Task instructions: Leaving out the pictures, write out exactly each line from the line with "統(tǒng)計(jì)當(dāng)前" through the close of the listing below.

Data extract:
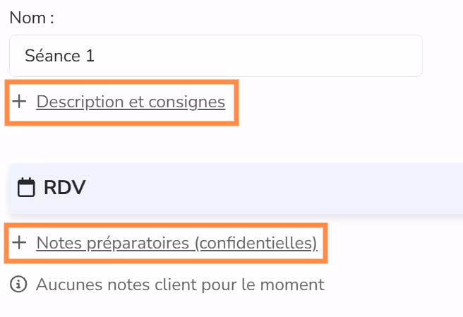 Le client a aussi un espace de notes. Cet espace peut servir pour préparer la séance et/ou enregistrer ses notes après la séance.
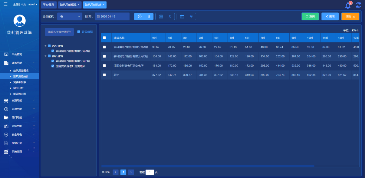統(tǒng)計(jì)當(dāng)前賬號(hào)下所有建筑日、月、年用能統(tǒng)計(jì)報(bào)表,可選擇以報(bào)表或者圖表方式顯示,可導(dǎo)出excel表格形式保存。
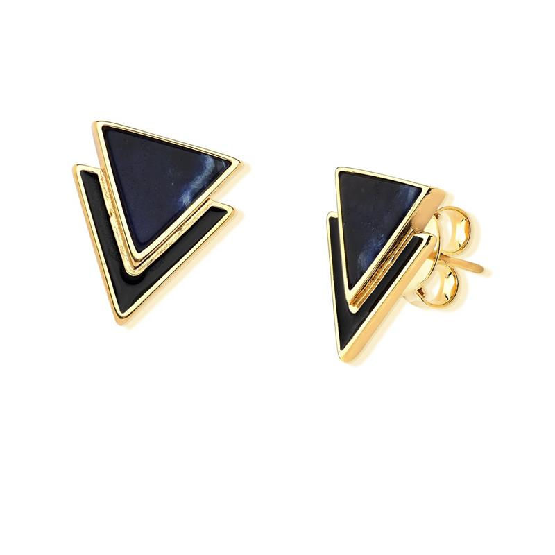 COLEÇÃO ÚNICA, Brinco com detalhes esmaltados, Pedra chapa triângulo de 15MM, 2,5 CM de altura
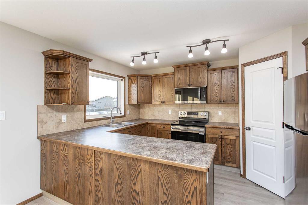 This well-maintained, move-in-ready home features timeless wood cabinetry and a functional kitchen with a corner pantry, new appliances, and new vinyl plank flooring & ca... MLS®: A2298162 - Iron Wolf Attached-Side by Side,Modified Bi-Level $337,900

Your response:
統(tǒng)計(jì)當(dāng)前賬號(hào)下所有建筑日、月、年用能統(tǒng)計(jì)報(bào)表,可選擇以報(bào)表或者圖表方式顯示,可導(dǎo)出excel表格形式保存。
 COLEÇÃO ÚNICA, Brinco com detalhes esmaltados, Pedra chapa triângulo de 15MM, 2,5 CM de altura
 This well-maintained, move-in-ready home features timeless wood cabinetry and a functional kitchen with a corner pantry, new appliances, and new vinyl plank flooring & ca... MLS®: A2298162 - Iron Wolf Attached-Side by Side,Modified Bi-Level $337,900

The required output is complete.